Download as docx, pdf, or txt
Download as docx, pdf, or txt
You are on page 1of 4

Sophia Harrison

ENC 1102

February 23, 2016

Persona Non Grata: An Unwelcome Person

Claude McKay’s poem “Outcast” follows a basic sonnet structure, showing the speaker’s

struggle to find his place in the western world as an African American. A typical sonnet is

composed of three quatrains in which the poet establishes then explores a theme or problem; this

problem is then resolved in the final two lines, the couplet. By following this structure, readers

are able to see the problem that the speaker faces as well as the steps to solve it. Each quatrain

has a specific purpose in the development of the author’s theme of being an outcast. By McKay’s

choice of structure, he is able to show readers the speaker’s struggle to find a place for himself

“far from [his] native clime” and “out of time” (13,14).

During the initial quatrain, the speaker longs to be part of a rather magical idea of Africa,

one of “dim regions whence [his] fathers came” where his soul could “sing forgotten jungle

songs” (1, 4). The speaker has a desire to embrace his heartfelt heritage, a feeling deeply rooted

in the jungles of Africa. He shows this intangible connection to his culture by stating, “Words

felt, but never heard, my lips would frame” (3). Although he was not born and raised in Africa,

he knows that is where his humanity can be found: “My spirit, bondaged by the body, longs” (2).

His figuratively enslaved body longs to be where his spirit resides.

By the second quatrain, the speaker acknowledges that—despite his longing for the

homeland of his soul—he is inescapably a slave to America. He states, “I would go back to

darkness and to peace, / But the great western world holds me in fee” (5,6). As much as he would
like to escape to the perceived peace of his native land, he is being held back by his

“enslavement” to the western world. He knows that he “may never hope for full release” from

his commitment to this world because the speaker succumbs to its traditions: “to its alien gods I

bend my knee" (8). From this stanza, readers acknowledge that although this god is foreign to the

speaker, he realizes he must conform to the behaviors and religious traditions of his physical if

not spiritual home.

The third quatrain leaves the speaker in a transcendent limbo: “Something in me is lost,

forever lost, / Some vital thing has gone out of my heart” (9,10). This reveals a final changing

point within the speaker’s psyche; by losing faith in the recapturing of his own heritage, he is

essentially giving in to his empty American existence, losing something “vital”. The speaker not

only realizes the loss of his heritage by succumbing to the “alien gods,” but also the segregation

that separates blacks and whites during that time period again leaves him an outsider. Now “[he]

must walk the way of life a ghost / Among the sons of earth, a thing apart” (11, 12). By giving

allegiance to America, the speaker is forced to live each day for the rest of his life feeling like a

visitor—an outcast—among the white natives.
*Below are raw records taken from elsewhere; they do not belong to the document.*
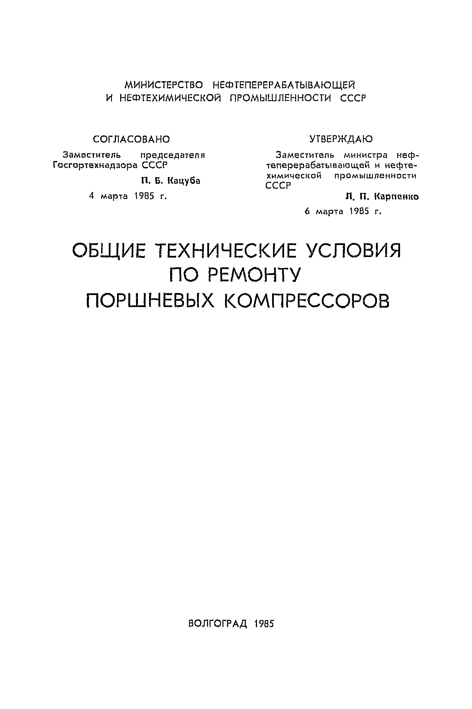 | | Утверждён: | 06.03.1985 Министерство нефтеперерабатывающей и нефтехимической промышленности СССР
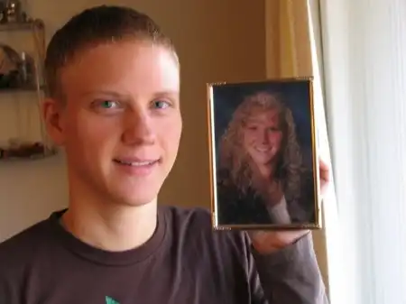 Он держит в руках фоторафию как он (она) выглядел (а) ранее... Как Вы уже догадались - он был девушкой.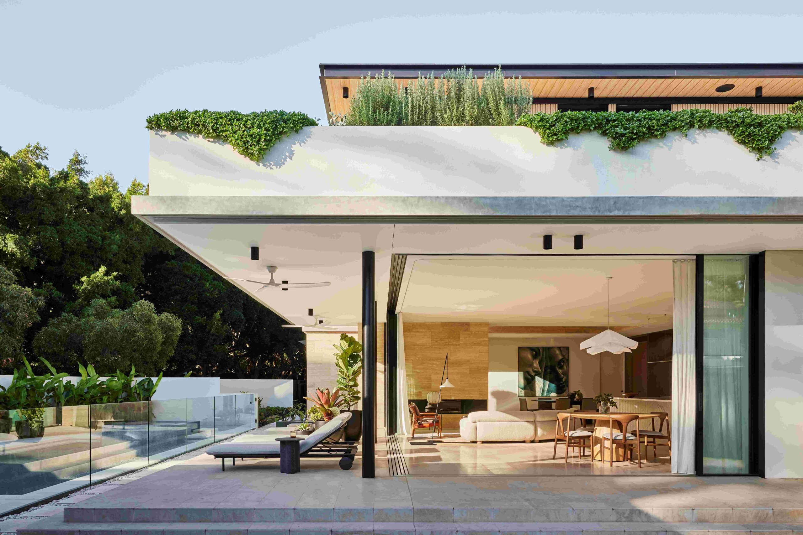 Featured in Inside Out magazine, this Canberra home blends mid-century warmth with contemporary design. Luna Chiaro Limestone creates a seamless indoor–outdoor flow. As Dana describes, “I love the light colour – it’s cool underfoot and has enough texture to make it practical.” For her, the stone evokes a feeling of being “eternally on holiday.”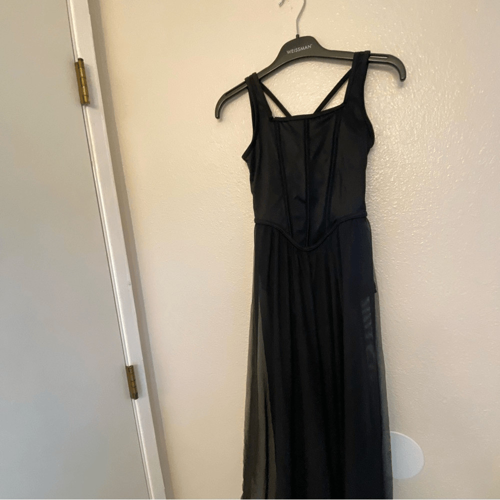 как выглядит Weissman dance costume Black maxi dress ribbed Freehand 16400 MC-Medium child фото
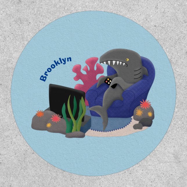 This funny design features a shark watching TV. A fishing show perhaps? Drawn in fun cartoon illustration style.
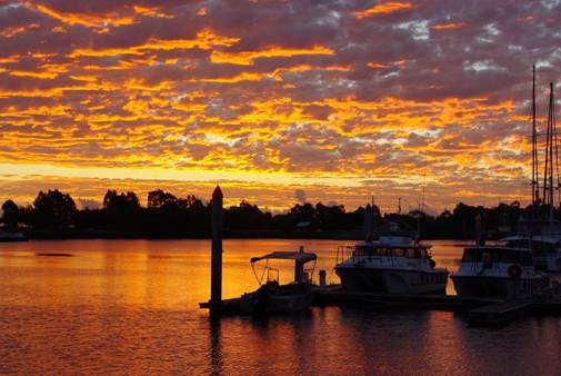 Above: sunrise over Gladstone Marina on the morning of departure |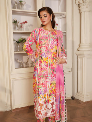 Pink Digital Print Lawn-Cotton 3-Piece Suit

The speaker’s realization becomes evident in the ending couplet. “For I was born, far

from my native clime, / Under the white man’s menace, out of time” (13,14). The essence of his

soul is delivered in these final two lines. Many poets use the final couplet of a sonnet to clarify

the poem’s resolution; however, McKay leaves the reader unsettled. The solution to his problem

is not really a solution at all. It’s an acceptance of his plight in life as a man who does not

belong— as a man who is an outcast.

The mystical Africa that the speaker longed for in the beginning has gone from a place of

hope to a place out of reach. Because of this realization, the speaker chooses to live his life as a
“ghost,” carving out an existence in a segregated world. He must accept that he is not seen as

equal; he must accept that he is not respected; he must accept that he does not belong. The

menace he must face on a daily basis is a reality of the times in which he was born. Slavery

morphed into segregation, leaving African Americans to deal with just another form of

discrimination. Although the speaker is free, he is still set apart in a world he must navigate as a

second class citizen. In McKay’s poem “Outcast” he uses the structure to tell a story of someone

searching for his place in Africa, only to find himself struggling for his identity in America,

trapped between two worlds and not belonging to either.


Work Cited

McKay, Claude. “Outcast.” Reading Literature and Writing Arguments. Eds. Missy James

and Alan Merickel. 5th ed. Upper Saddle River: Pearson, 2013. 198. Print.